ARS then announced on August 15, 1994, that it would purchase the programming and call letters of WEEI from Back Bay Broadcasters, effective August 29. As part of this transfer, WHDH's call letters were changed to WEEI and its format was changed from talk radio to sports radio, with on- and off-air personnel also being reassigned; 590 AM's call letters were concurrently changed to WBNW. WBNW simulcast the "new" WEEI for a week before Back Bay Broadcasters launched a business news format. The ownership transfer also saw WVEI break from its simulcast of WEEI to become a separate sports radio station for Worcester, WWTM; WWTM was acquired by ARS in 1996 and gradually returned to a simulcast of WEEI, returning to the WVEI call sign in 2000.

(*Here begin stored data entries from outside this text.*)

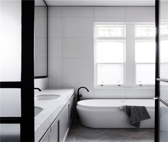 卫生间的空间虽小,浴缸的放置却不显得拥挤,相反,既能舒服泡澡,还能保证干湿分离。这是实用主义与艺术主义的完美结合。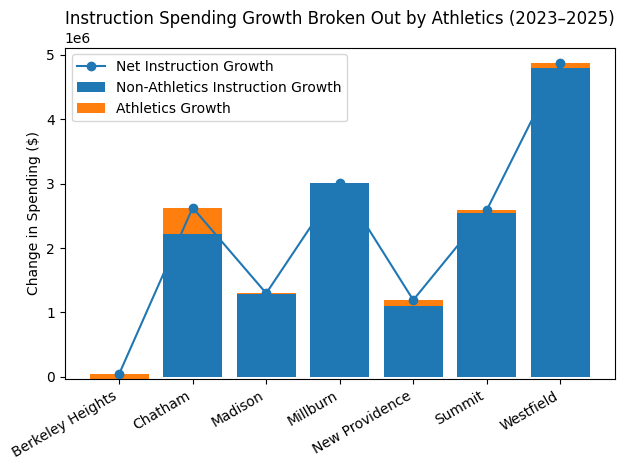 This means that, in Berkeley Heights (according to the numbers in the ACFR), the already modest increase in instruction spending was fully absorbed by rising athletics costs.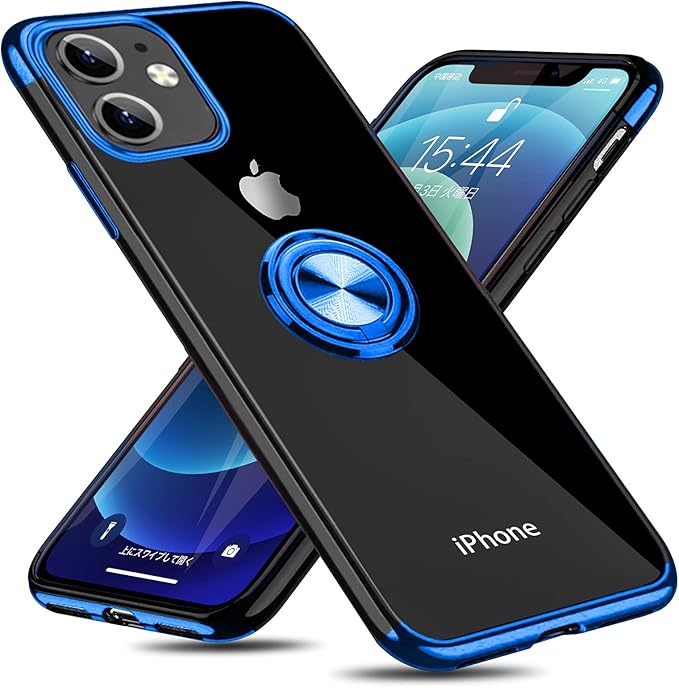iPhone 11 Pro 用 ケース リング付き クリア 耐衝撃 スタンド機能 透明 TPU 車載ホルダー対応 落下防止 防塵 薄型 軽量 一体型 変形防止 全面保護カバー アイフォン用 ケース 青 W-YX-10-05 | etshop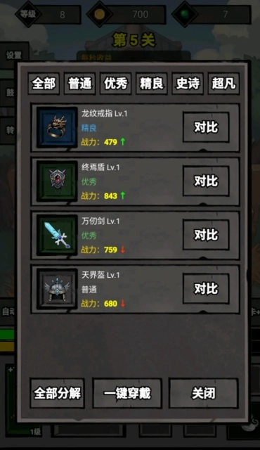 2、游戏挂机时,玩家可以查看背包,里面有挂机战斗获得的装备。前期没什么需要特别注意的,直接选择一键穿戴即可,系统会自动为玩家穿上等级更高、战力更强的装备。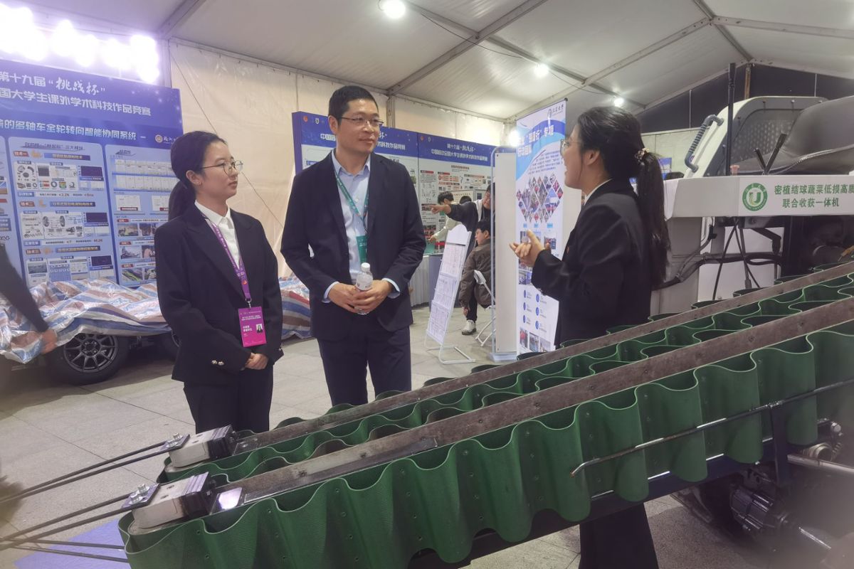 决赛期间,参赛学生向团中央书记处第一书记阿东汇报我校参赛项目情况。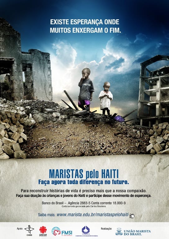 Na semana passada, a União Marista do Brasil (Umbrasil) abriu a Campanha Maristas pelo Haiti. O objetivo é levantar fundos para ajudar as vítimas do terremoto que devastou aquele país, em janeiro deste ano. Para colaborar, bastar fazer um depósito de qualquer valor na conta corrente 18.000-9, agência 2883-5, do Banco do Brasil. A conta é exclusiva da campanha, gerenciada diretamente pela Cáritas Brasileira, que encaminhará os recursos aos projetos do Haiti.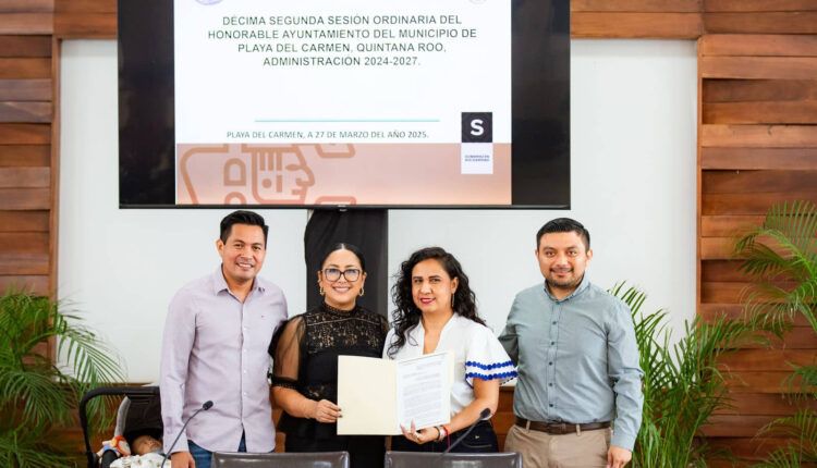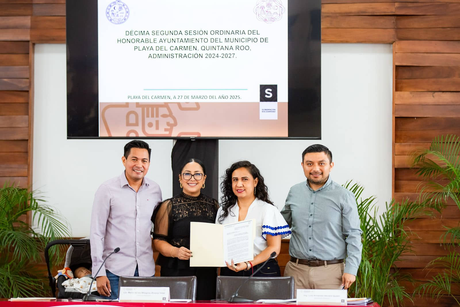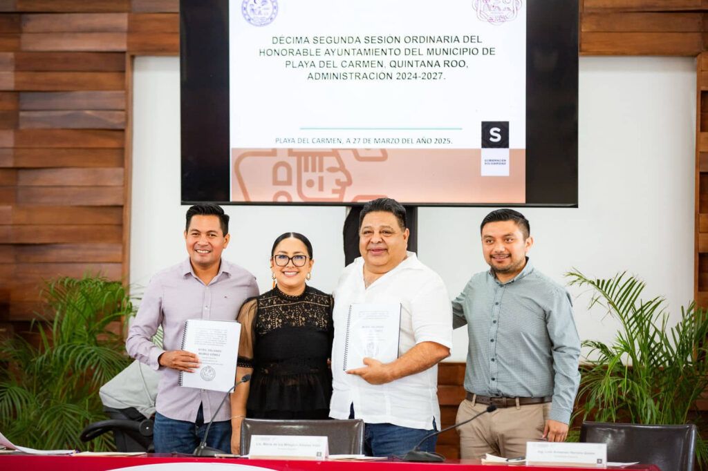 Playa del Carmen, 27 de marzo de 2025.- En sesión ordinaria, el cabildo aprobó la modificación del logotipo del ayuntamiento de Playa del Carmen, la Guía de Identidad Institucional y el acuerdo que autoriza a la presidenta municipal Estefanía Mercado a suscribir contratos de comodato a título gratuito de los bienes inmuebles con organismos descentralizados de la administración pública municipal.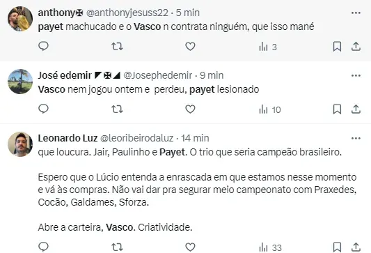 Vale lembrar que com a lesão do meia o clube carioca chegou ao seu terceiro desfalque importante antes do Brasileirão. Além de Payet, Jair e Paulinho seguem no DM se recuperando de rompimentos de ligamento cruzado anterior e só devem voltar em outubro.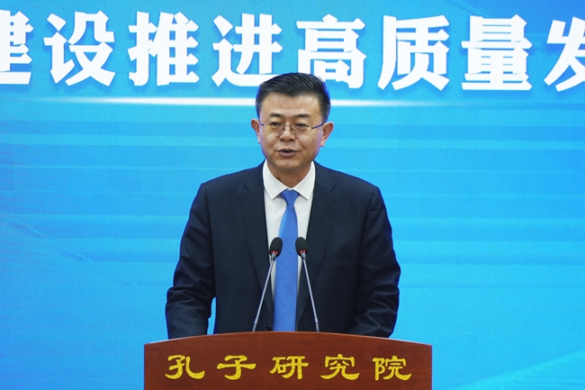 國承彥在講話中指出,2013 年11月,習(xí)近平總書記在孔子研究院召開專家學(xué)者座談會,發(fā)出大力弘揚(yáng)中華優(yōu)秀傳統(tǒng)文化的號召。多年來,孔子研究院始終牢記囑托,在學(xué)術(shù)研究、傳播普及、交流互鑒、人才引育等方面取得一系列標(biāo)志性成果。省委、省政府高度重視孔子研究院發(fā)展,出臺多項(xiàng)舉措支持學(xué)術(shù)建設(shè),濟(jì)寧、曲阜兩級黨委政府提供堅(jiān)實(shí)保障,大力支持孔子研究院發(fā)展??鬃友芯吭阂藙荻希回?fù)重托,全力打開高質(zhì)量發(fā)展新局面。

As a business news station, WBNW's programming was mostly supplied by Bloomberg; the station was the first affiliate of Bloomberg Radio, which had previously only aired on its New York City flagship station, WBBR. Local news segments were outsourced to Metro Networks. WBNW's lineup also included a local talk show, The Money Experts, and Bruce Williams' syndicated talk show; both programs previously aired on WHDH.

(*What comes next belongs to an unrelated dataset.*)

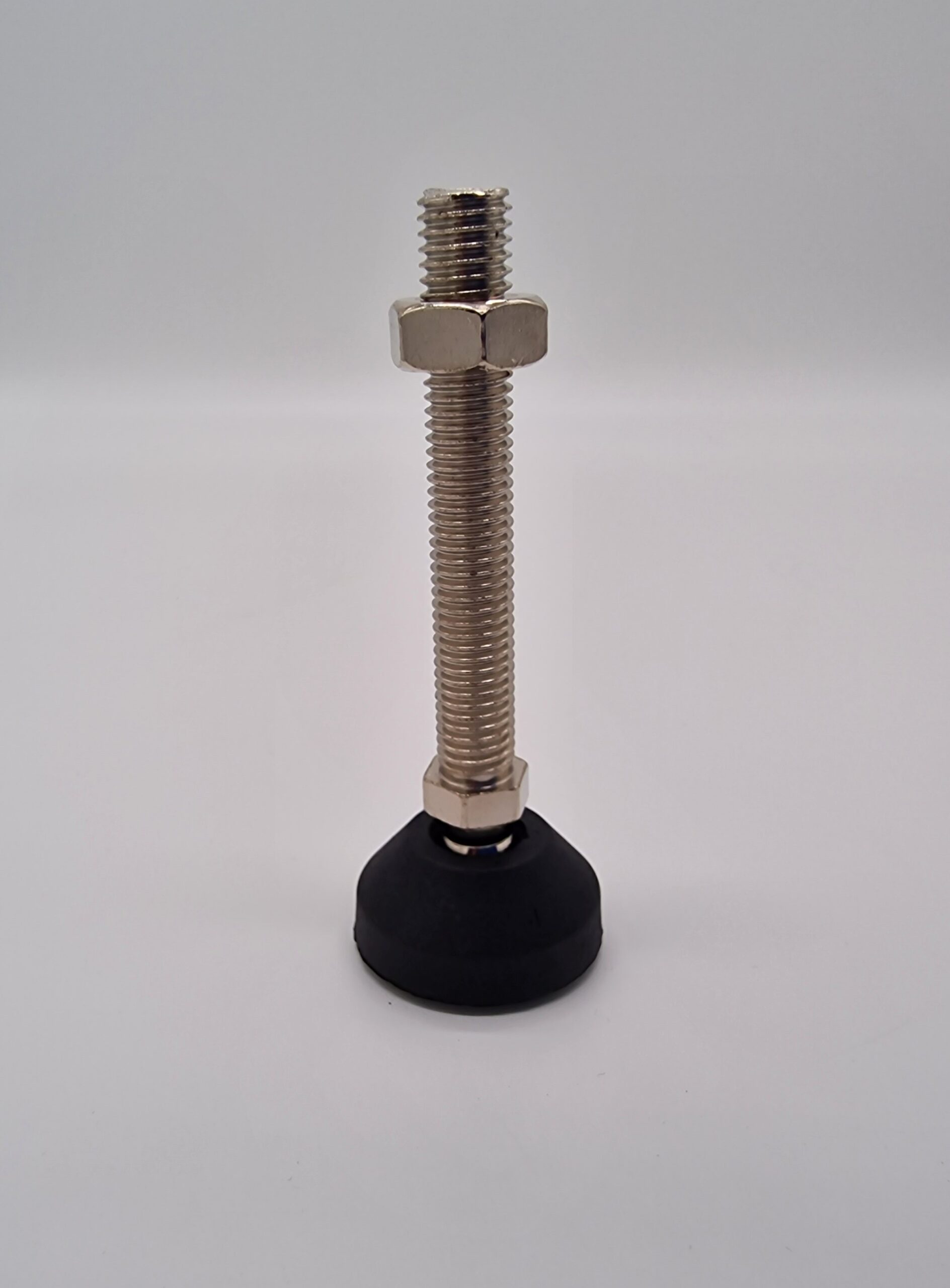 Höhenverstellbarer Kunststoff-Fuß Ø40mm mit Stoßdämpferkappe. Schraube aus verzinktem Stahl, M12, Länge 80mm. Für Maschinengestelle, Werkbänke oder Regale.
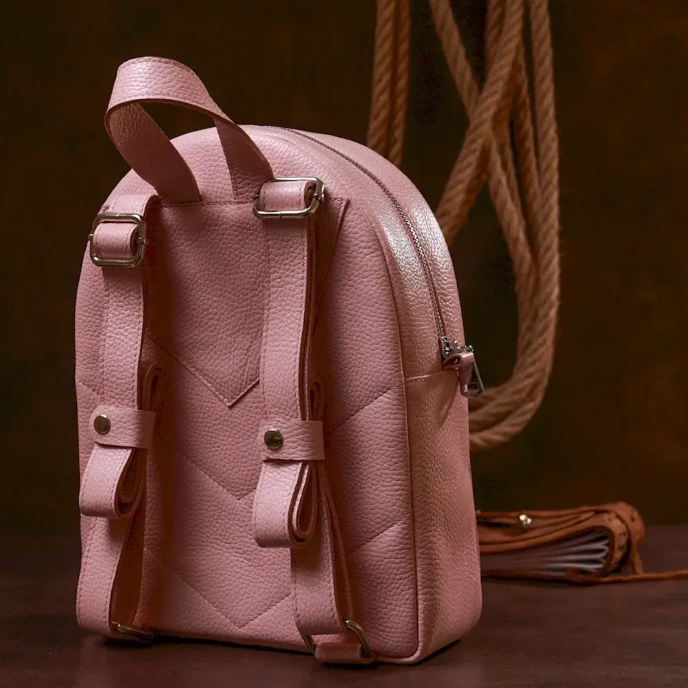Практичний жіночий рюкзак з натуральної шкіри Shvigel 16319 Рожевий

WBNW also carried Boston Bruins games during the 1994–95 season; the games did not move with WEEI to 850 AM due to conflicts with Boston College basketball. In 1995, Peter Ottmar, who ran Back Bay Broadcasters, consolidated his broadcast holdings, which also included WARA in Attleboro, WWKX in Woonsocket, Rhode Island, and WICE in Pawtucket, Rhode Island, under the Back Bay name; that July, WICE was relaunched as WPNW, which largely simulcast WBNW but featured its own Metro Networks-produced local inserts for the Providence market.

===WEZE (1996–present)===
American Radio Systems, which had held an option to buy WBNW since its launch, traded this option to Salem Communications in 1996 in exchange for KDBX in Banks, Oregon. While WBNW initially announced that "there will be no change of owner" and that "as far as Peter Ottmar is concerned, no one has an option on the station", Salem exercised this option to purchase the station in December 1996. As part of this transaction, that December 15, Salem changed WBNW's call letters to WEZE and changed the station's format to Christian radio; in effect, this new WEZE licensed to Boston became the successor to the previous WEZE (1260 AM) licensed to Boston. Concurrently, the previous WEZE changed its call letters to WPZE, and, after both simulcasting WEZE and airing a separate Christian format, was later divested (and became WMKI).

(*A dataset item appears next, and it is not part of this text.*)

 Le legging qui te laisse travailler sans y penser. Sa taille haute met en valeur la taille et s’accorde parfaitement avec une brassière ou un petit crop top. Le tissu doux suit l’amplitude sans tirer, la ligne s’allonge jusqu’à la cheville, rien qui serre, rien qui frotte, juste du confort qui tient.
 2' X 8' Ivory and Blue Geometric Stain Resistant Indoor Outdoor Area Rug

WADN (1120 AM) in Concord started adding financial programming in 1997, eventually changing its format to business news/talk entirely; WADN's call letters were changed to WBNW in December 1998 – a move to reinforce that station format's link to the former WBNW. Incidentally, a format similar to WBNW's was installed onto 1260 AM, renamed WBIX, in September 2015 after Salem reacquired the frequency.

====WEZE-FM====
For a short period, Salem Communications operated WEZE-FM in Pittsburgh, Pennsylvania, billed as "Easy 104.7". Though unusual, FCC rules allow co-owned stations in different cities to share call letters between themselves. Salem purchased the Pittsburgh station as part of a strategic move to compete against a Christian-formatted AM/FM competitor, but would have to run another format until the contracts with the client ministries could be obtained. Salem chose to run an easy-listening format until the contracts were obtained in October 1991, when WEZE-FM evolved into WORD-FM.